**What needs to be done**
Transcribe the listing verbatim, please, with images dropped.

**Data listing**
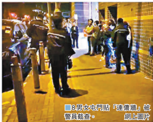
8男女屯門貼「連儂牆」被警員截查。網上圖片

事發於昨凌晨3時，警方接報指有一批人在龍門路新屯門中心，輕鐵龍門站行人天橋處對開聚集，形跡可疑。警員拖至當場截獲8名男女，並於部分人身上搜獲一批政治宣傳海報、電鑽、膠索帶、油掃、膠水等物品，而附近天橋柱位則被人剛貼上文宣海報，海報式樣與疑人身上搜獲的相同，警方調查後相信該批男女擬違法建立所謂的「連儂牆」，遂以管有物品意圖損毀他人財產罪將各人拘捕，帶返青山警署查。
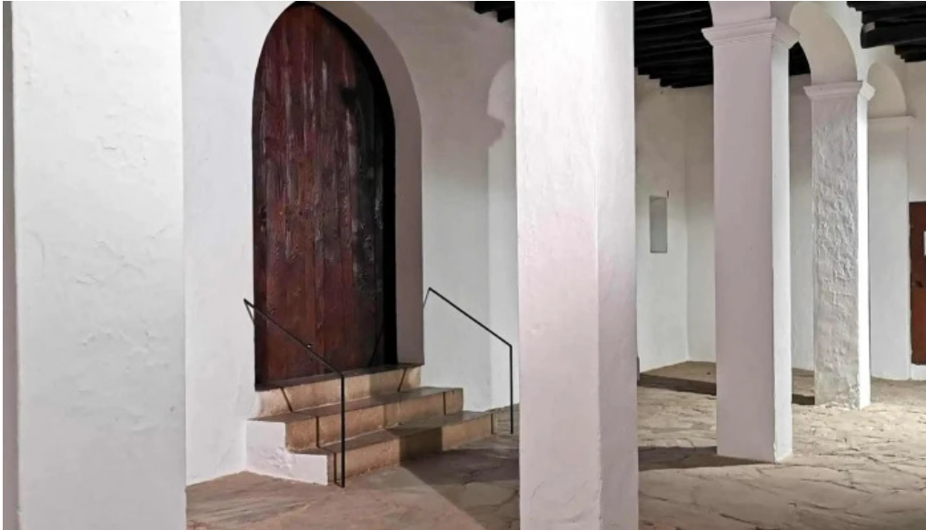
Esglesia de sant mateu dalbarca catalogo
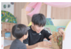
はらまち認定こども園 聖桜
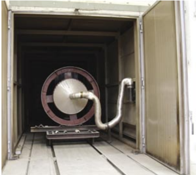
Fig. 12 - Il raffreddamento dello scambiatore dopo la polimerizzazione

lo raffreddiamo con il raffreddatore che aspira aria calda dall'interno del serbatoio e la convoglia sul cielo del forno (fig. 12)».
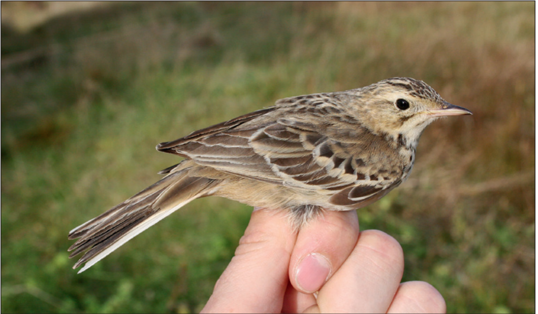
Denne ungfugl av mongolpiplerke Anthus godlewskii ble fanget og ringmerket på Titran, Frøya i Sør-Trøndelag 4. oktober 2007. Legg merke til at den innerste av mellomdekkerne er myttet og er av adult type. Tegningen på de adulte mellomdekkerne er en viktig artskarakter i forhold til tartarpiplerke Anthus richardi .

**Result**
8男女屯門貼「連儂牆」被警員截查。網上圖片

事發於昨凌晨3時，警方接報指有一批人在龍門路新屯門中心，輕鐵龍門站行人天橋處對開聚集，形跡可疑。警員拖至當場截獲8名男女，並於部分人身上搜獲一批政治宣傳海報、電鑽、膠索帶、油掃、膠水等物品，而附近天橋柱位則被人剛貼上文宣海報，海報式樣與疑人身上搜獲的相同，警方調查後相信該批男女擬違法建立所謂的「連儂牆」，遂以管有物品意圖損毀他人財產罪將各人拘捕，帶返青山警署查。
Esglesia de sant mateu dalbarca catalogo
はらまち認定こども園 聖桜
Fig. 12 - Il raffreddamento dello scambiatore dopo la polimerizzazione

lo raffreddiamo con il raffreddatore che aspira aria calda dall'interno del serbatoio e la convoglia sul cielo del forno (fig. 12)».
Denne ungfugl av mongolpiplerke Anthus godlewskii ble fanget og ringmerket på Titran, Frøya i Sør-Trøndelag 4. oktober 2007. Legg merke til at den innerste av mellomdekkerne er myttet og er av adult type. Tegningen på de adulte mellomdekkerne er en viktig artskarakter i forhold til tartarpiplerke Anthus richardi .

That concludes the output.